■ **Instructions to follow**
Output the listing verbatim, leaving out every picture.

╭─ Source material

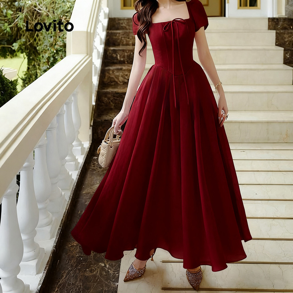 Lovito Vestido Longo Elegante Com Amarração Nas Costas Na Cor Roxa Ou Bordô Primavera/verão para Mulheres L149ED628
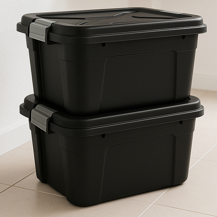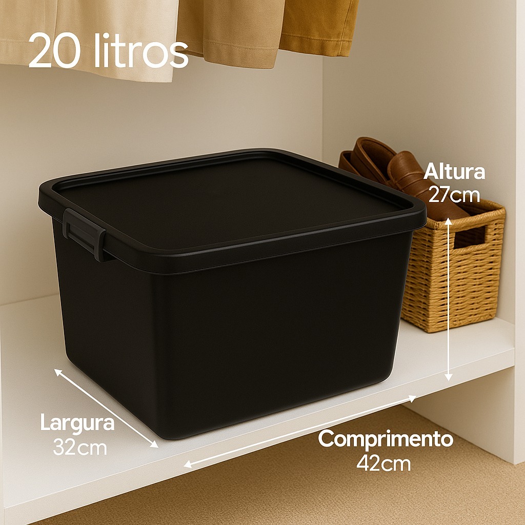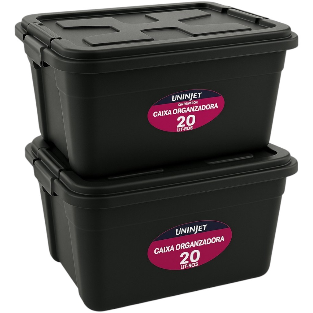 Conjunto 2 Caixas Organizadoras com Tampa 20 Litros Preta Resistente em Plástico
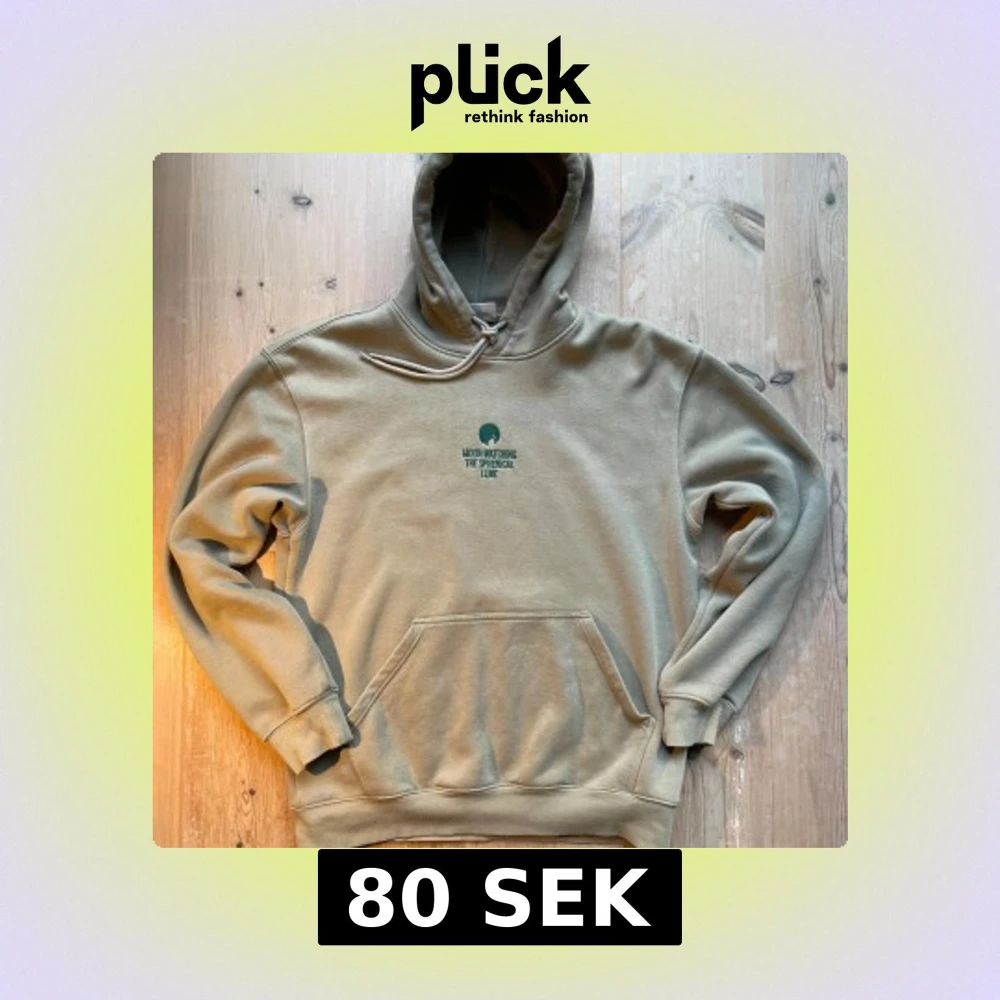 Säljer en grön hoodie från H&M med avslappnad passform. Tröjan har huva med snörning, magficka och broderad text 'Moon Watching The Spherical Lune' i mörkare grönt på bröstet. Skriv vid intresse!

╰─

■ **Response to this exercise**
 Lovito Vestido Longo Elegante Com Amarração Nas Costas Na Cor Roxa Ou Bordô Primavera/verão para Mulheres L149ED628
 Conjunto 2 Caixas Organizadoras com Tampa 20 Litros Preta Resistente em Plástico
 Säljer en grön hoodie från H&M med avslappnad passform. Tröjan har huva med snörning, magficka och broderad text 'Moon Watching The Spherical Lune' i mörkare grönt på bröstet. Skriv vid intresse!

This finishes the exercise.